▶ [Exercise details] The answer is the line with "주문을 읽으면 어느 순간" and every line after it to the end of the listing, retyped exactly. Pictures do not belong in it.

▶ [Provided data]
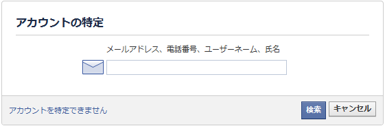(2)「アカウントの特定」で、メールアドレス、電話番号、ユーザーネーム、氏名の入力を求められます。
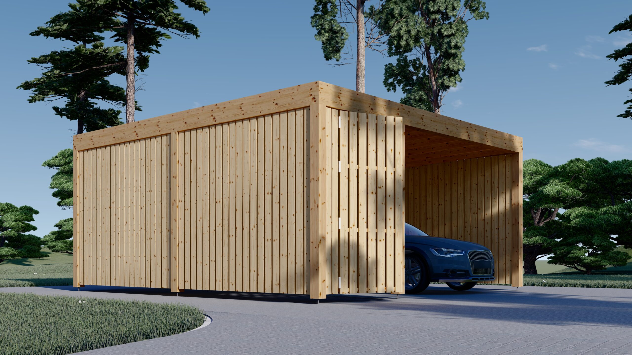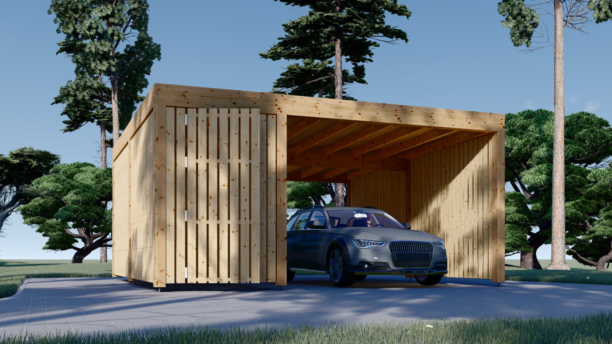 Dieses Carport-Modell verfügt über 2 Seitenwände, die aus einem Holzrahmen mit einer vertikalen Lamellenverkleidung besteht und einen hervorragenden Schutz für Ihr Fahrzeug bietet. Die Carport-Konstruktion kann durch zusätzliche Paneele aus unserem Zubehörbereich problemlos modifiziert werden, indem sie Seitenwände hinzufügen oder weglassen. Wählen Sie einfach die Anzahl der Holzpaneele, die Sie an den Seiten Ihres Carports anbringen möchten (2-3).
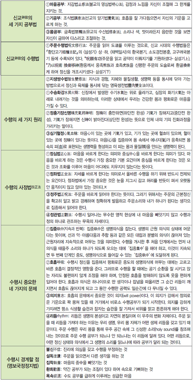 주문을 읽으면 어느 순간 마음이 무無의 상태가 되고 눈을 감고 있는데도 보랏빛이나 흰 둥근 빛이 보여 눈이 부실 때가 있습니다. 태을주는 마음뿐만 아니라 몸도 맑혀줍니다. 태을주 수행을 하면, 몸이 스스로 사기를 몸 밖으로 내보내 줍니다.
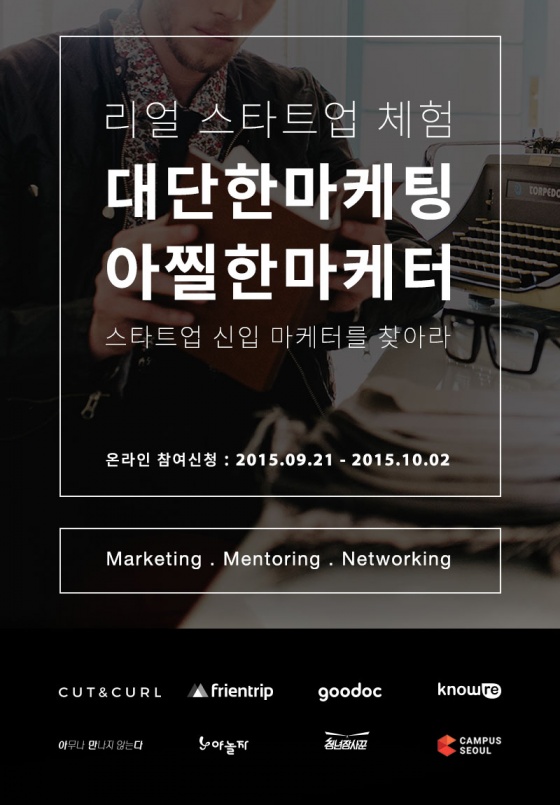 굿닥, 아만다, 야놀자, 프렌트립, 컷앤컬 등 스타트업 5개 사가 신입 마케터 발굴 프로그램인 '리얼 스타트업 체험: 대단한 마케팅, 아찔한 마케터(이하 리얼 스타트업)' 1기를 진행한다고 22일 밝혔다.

▶ [Exercise response]
 주문을 읽으면 어느 순간 마음이 무無의 상태가 되고 눈을 감고 있는데도 보랏빛이나 흰 둥근 빛이 보여 눈이 부실 때가 있습니다. 태을주는 마음뿐만 아니라 몸도 맑혀줍니다. 태을주 수행을 하면, 몸이 스스로 사기를 몸 밖으로 내보내 줍니다.
 굿닥, 아만다, 야놀자, 프렌트립, 컷앤컬 등 스타트업 5개 사가 신입 마케터 발굴 프로그램인 '리얼 스타트업 체험: 대단한 마케팅, 아찔한 마케터(이하 리얼 스타트업)' 1기를 진행한다고 22일 밝혔다.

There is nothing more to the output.